On October 19th, the first night of Hunger 4 Revival, Julie said something about someone having a dark heaviness in them and I knew that was for me. I had a heavy but empty dark hole in my chest my entire life and I had tried hard to fill it to make it go away to no avail. Yet I had never voiced this to anyone. I thought it was normal but knew it wasn't right. I went forward and asked for prayer to heal my back. Well... God showed up! The holy spirit came on me in a way I had never experienced, and I was on the floor. For about the next hour and a half. I cried ugly crying ..Spirit led, God was bringing a rapid fire of names to my mind and I truly forgave each of them.. I repented for a lot. It was part peace part battle and yet I still had pain in my back and hips. Several people were praying over me and Someone said to break off self hatred and as I began to think, I don't hate myself..., I couldn't even finish thinking the lie. I forgave myself for many things and then someone asked if there was anyone else I needed to forgive and one word came to my mind... GOD.

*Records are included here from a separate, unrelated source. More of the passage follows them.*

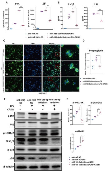 miR-185-5p suppression promotes inflammation and phagocytosis. (A) The transfection efficiency in RAW264.7 macrophages with 150 nM miR-185-5p inhibitors transfections vs. nontargeting control (anti-miR NC) by RT-qPCR. (B) Gene expressions (RT-qPCR) and (C) cytokine secretions (ELISA) in LPS-induced RAW264.7 macrophages transfected with 150 nM miR-185-5p inhibitors or anti-miR NC. (D) Representative images showing phagocytosis of fluorescein-labeled E. coli bioparticles (FITC-Green, DAPI-Blue) in LPS-induced RAW264.7 macrophages with 150 nM miR-185-5p inhibitors or anti-miR NC transfection. The scale bars correspond to 100 μm. (E) Quantification of mean fluorescence intensity of phagocytosis. Mean ± SD; n = 3–6; * p < 0.05; *** p < 0.001.
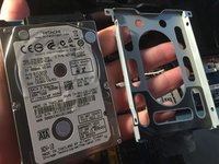 With the hard drive and the metal case that encloses the hard drive removed from the laptop, you will see two screws on either side of the metal case. Remove these screws and lift the hard drive out of the metal casing.
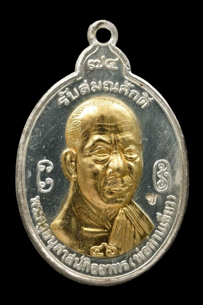 เหรียญรับสมณศักดิ์ พ่อท่านเขียว วัดห้วยเงาะ จ.ปัตตานี"รุ่นสมณศักดิ์ รักษ์แผ่นดิน"เนื้อเงินหน้าทอง"ปี ๒๕๔๖ หายาก
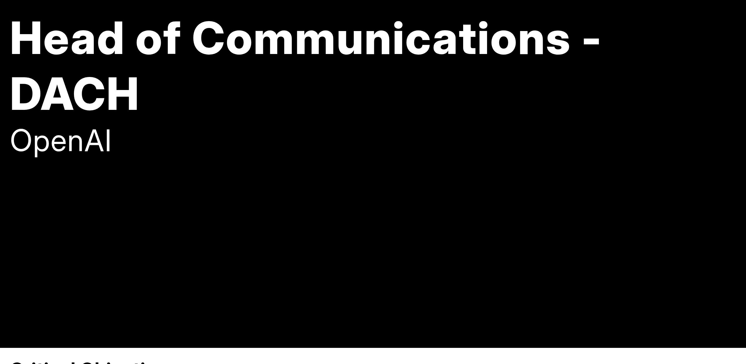 We're looking for an exceptional communications professional, based in Germany to lead OpenAI's communications in the country while also contributing to broader efforts across DACH.
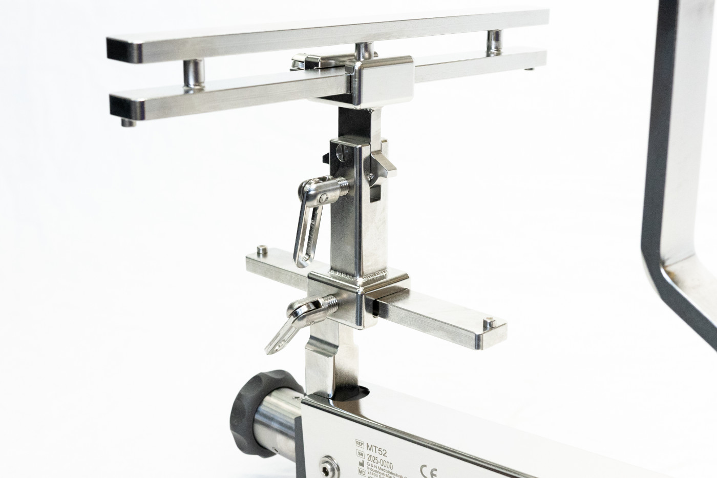 - Grundkörper mit Halter zur Anbringung an allen OP-Tischen mit Vierkantaufnahme 20x20 mm unterhalb der Rückenplatte
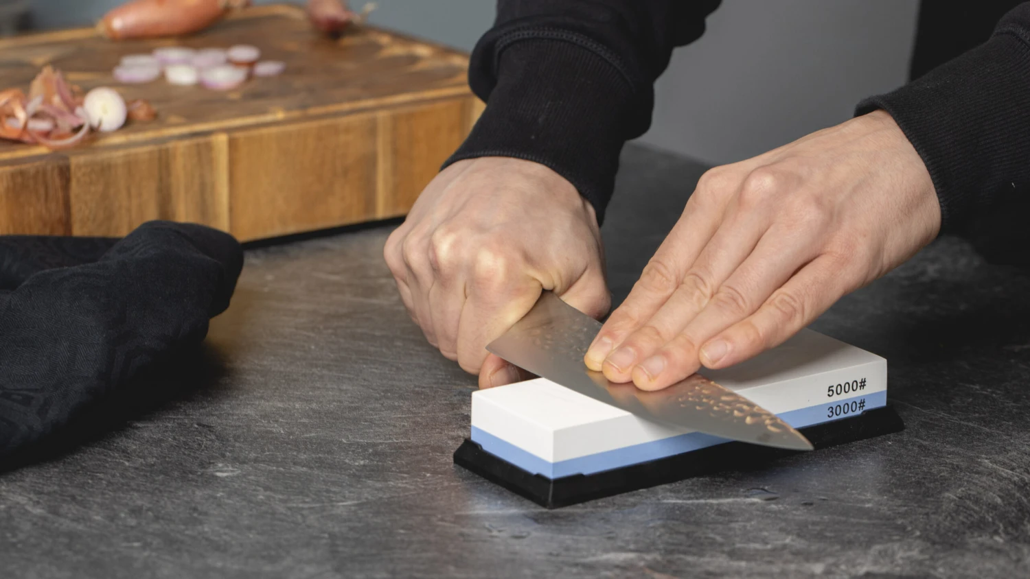 Bij het gebruiken van een wetsteen is het belangrijk dat je veilig werkt en dat de steen niet verschuift tijdens het slijpen, leg de steen hiervoor in de meegeleverde anti-slip houder. Daarnaast is het belangrijk dat je altijd werkt in oplopende korrelgrootte en dat je de messen van top tot teen over de steen slijpt. Voor een uitgebreide gebruiksaanwijzing kan je de keuzegids: ‘Hoe gebruik ik een wetsteen?’ lezen.
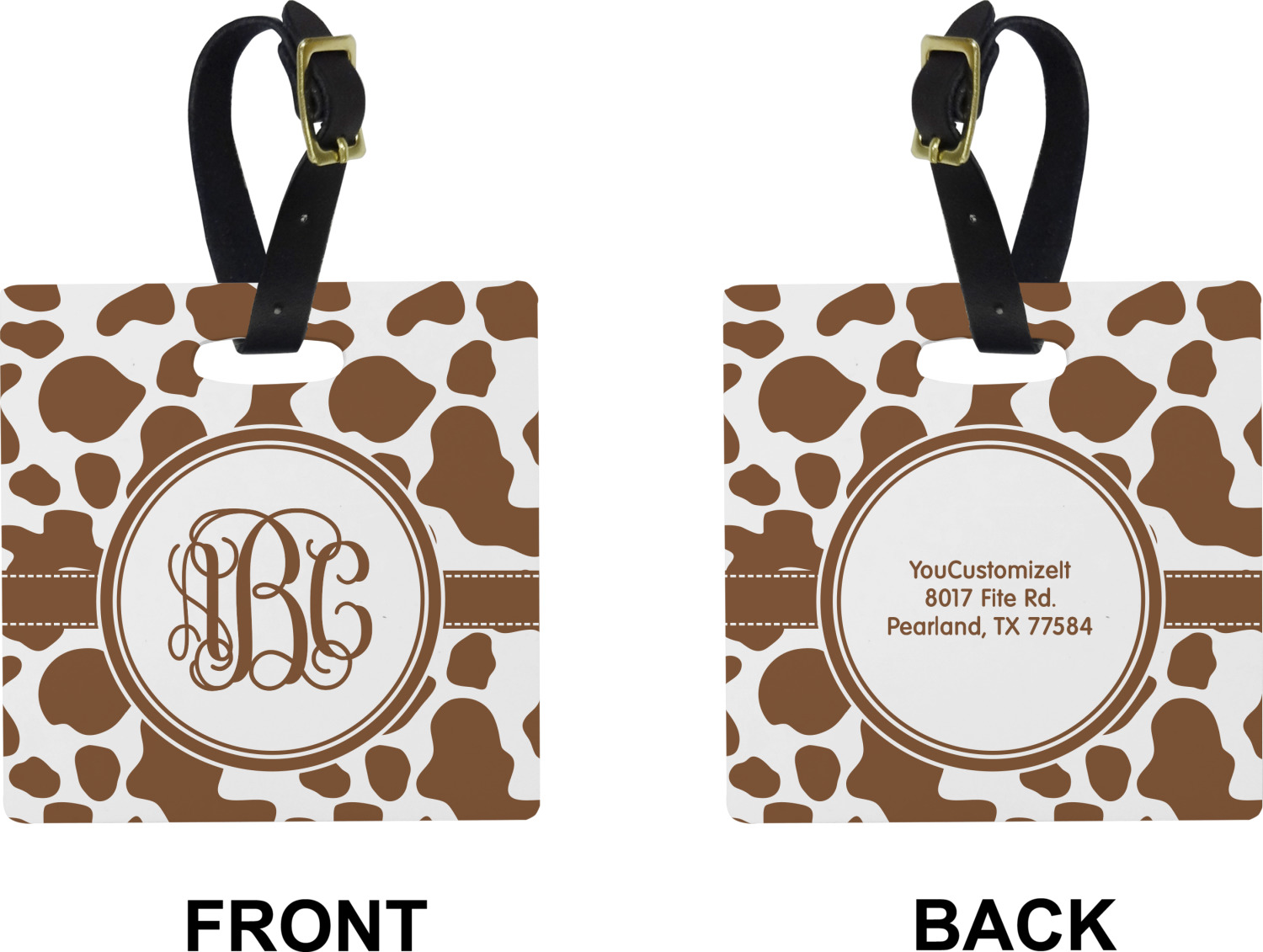 These personalized bag tags are sold in a variety of shapes, so that you may find the product that meets your vision exactly. We sell a round luggage tag, which measures at approximately 4" x 4". Our square luggage tag is about 3.5" x 3.5", while our rectangular version is 2.75" x 4 ".

I fully surrendered and told Him I didn't care about the why anymore and asked Him to forgive me for my anger at Him and I told Him I forgave Him. Instantly His peace came over me in a wave, I have no idea how long I lay there. But when I got up Julie asked me how I felt and I seriously couldn't think of any words as if I'd forgotten the English language. I finally said FREE... Because That black dark heavy hole in my chest was gone and I was in a beautiful state of awe. She asked me "What about your back?" It was then I realized I wasn't feeling any pain at all! I was healed!!! For the first time in 11 years no pain! I hadn't had oxy since earlier that afternoon, and I haven't since. I have had to stand firm in my faith as the enemy has tried to lie and attack and some pain comes back once in a while. I remind myself I'm healed! And that I may have a little pain but it's nowhere near what I had "while taking all those pills and treatments" and the pain leaves.

Since that day, I have had several deliverances each time God breaking chains and setting me more free. I have watched in amazement, God heal others as I pray over them. To see God use my trials and pain to help others and build their faith and mine, bringing glory to Jesus is unexplainably beautiful. If you have pain, if you Hunger for change for healing in your heart, in your body, if you are sick and tired of being sick and tired, let the next step you take be toward Jesus He is waiting for you to step out in faith.